# Information provided:
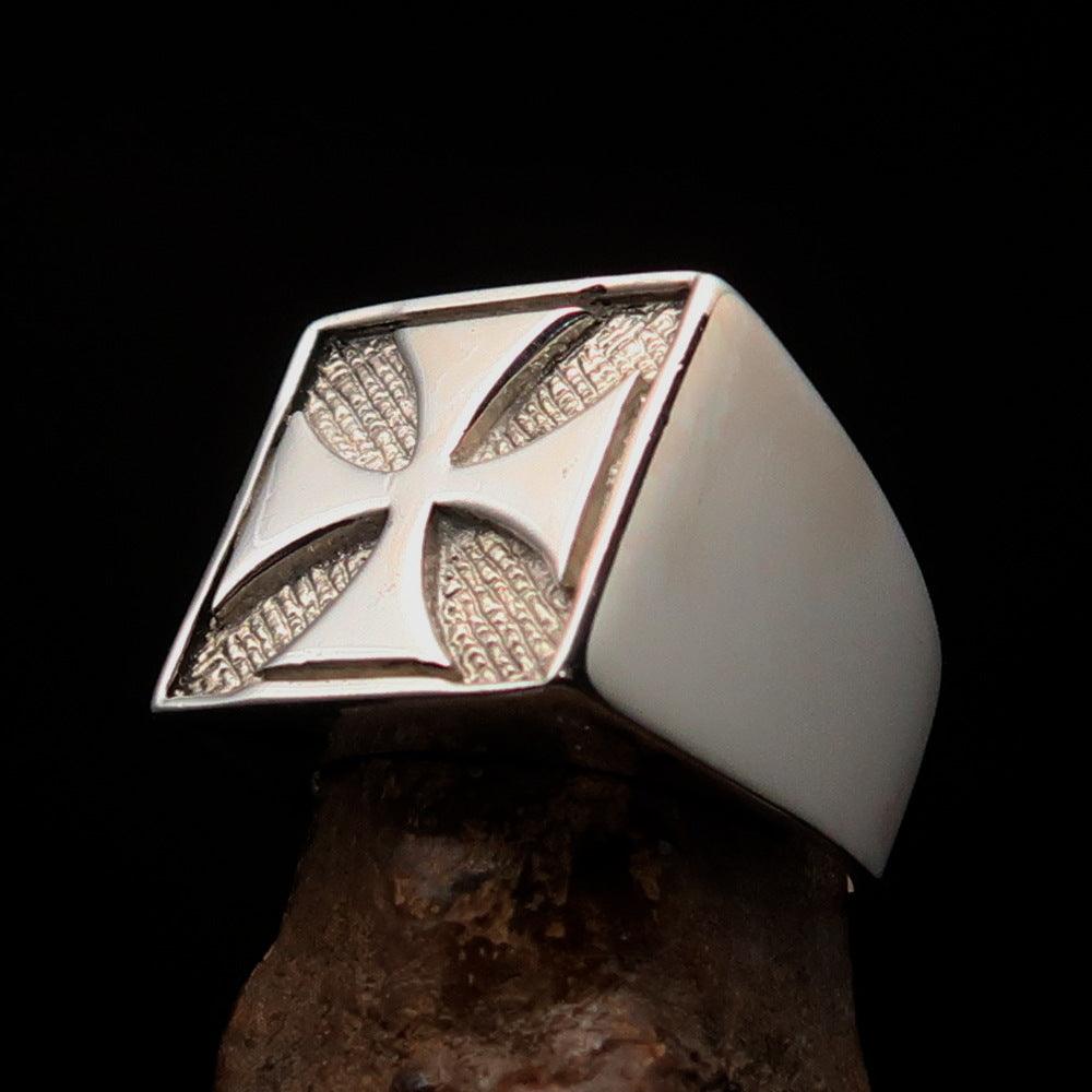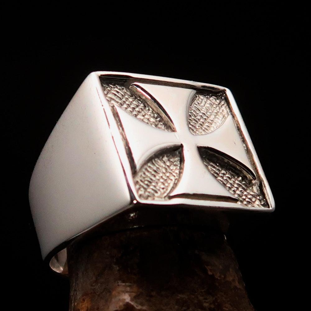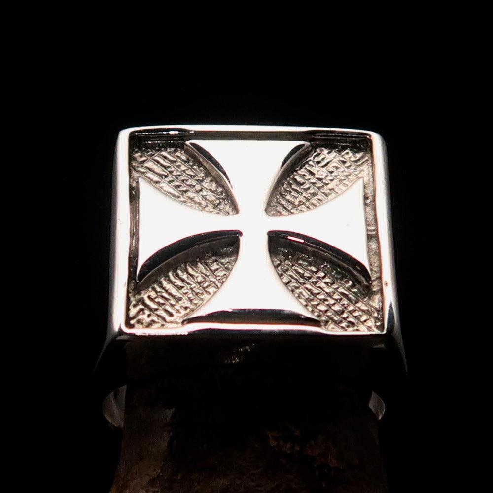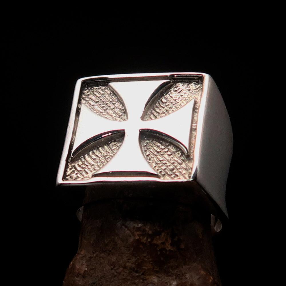 Men's Biker Ring Iron Cross in two-tone sterling silver with high polish and matte finish, showcasing its unique design and quality.
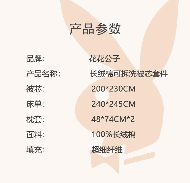 花花公子长绒棉可拆洗被芯套件PB-25T7805
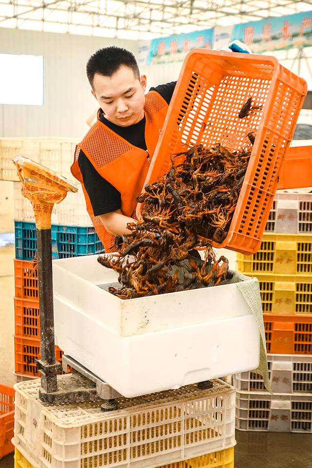 问渔民伯伯哪能买虾,想买些带回去吃,它告诉我们旁边就是小龙虾交易中心,那里就能买。来到交易中心,看到工作人员正在分拣小龙虾,每一个都在过称,大的能达到一两三钱一只。了解之后得知,它们的货运速度快,保鲜效果也好,全国各地的吃货们都可以采购。而且这价格是真心划算,比菜市、超市便宜多了。
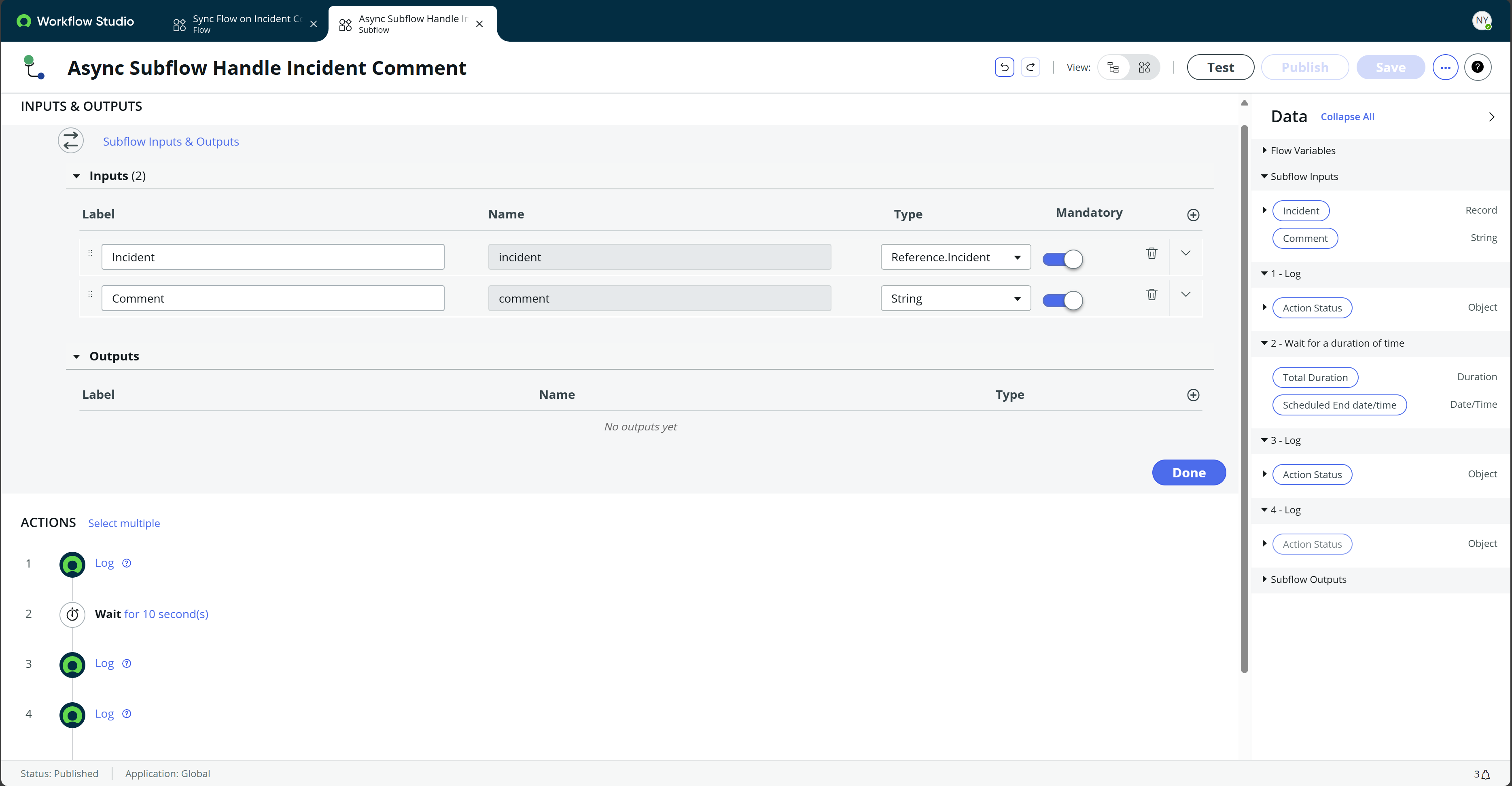 Next, we log a timestamp for when the Subflow begins processing. Then we add a 10-second Wait (you can increase this if you want, to allow yourself time to enter multiple Comments while the Subflow waits to execute during your testing). Finally, we log out the Comment from the Subflow Input. We can also add another log step where we repeat the script we used to retrieve the most recent Comment from the Incident to see if it differs from the Comment we received as a Subflow Input.

# Description of the task:
Every line above must be printed again exactly, pictures excluded.

# Written answer:
 Men's Biker Ring Iron Cross in two-tone sterling silver with high polish and matte finish, showcasing its unique design and quality.
 花花公子长绒棉可拆洗被芯套件PB-25T7805
 问渔民伯伯哪能买虾,想买些带回去吃,它告诉我们旁边就是小龙虾交易中心,那里就能买。来到交易中心,看到工作人员正在分拣小龙虾,每一个都在过称,大的能达到一两三钱一只。了解之后得知,它们的货运速度快,保鲜效果也好,全国各地的吃货们都可以采购。而且这价格是真心划算,比菜市、超市便宜多了。
 Next, we log a timestamp for when the Subflow begins processing. Then we add a 10-second Wait (you can increase this if you want, to allow yourself time to enter multiple Comments while the Subflow waits to execute during your testing). Finally, we log out the Comment from the Subflow Input. We can also add another log step where we repeat the script we used to retrieve the most recent Comment from the Incident to see if it differs from the Comment we received as a Subflow Input.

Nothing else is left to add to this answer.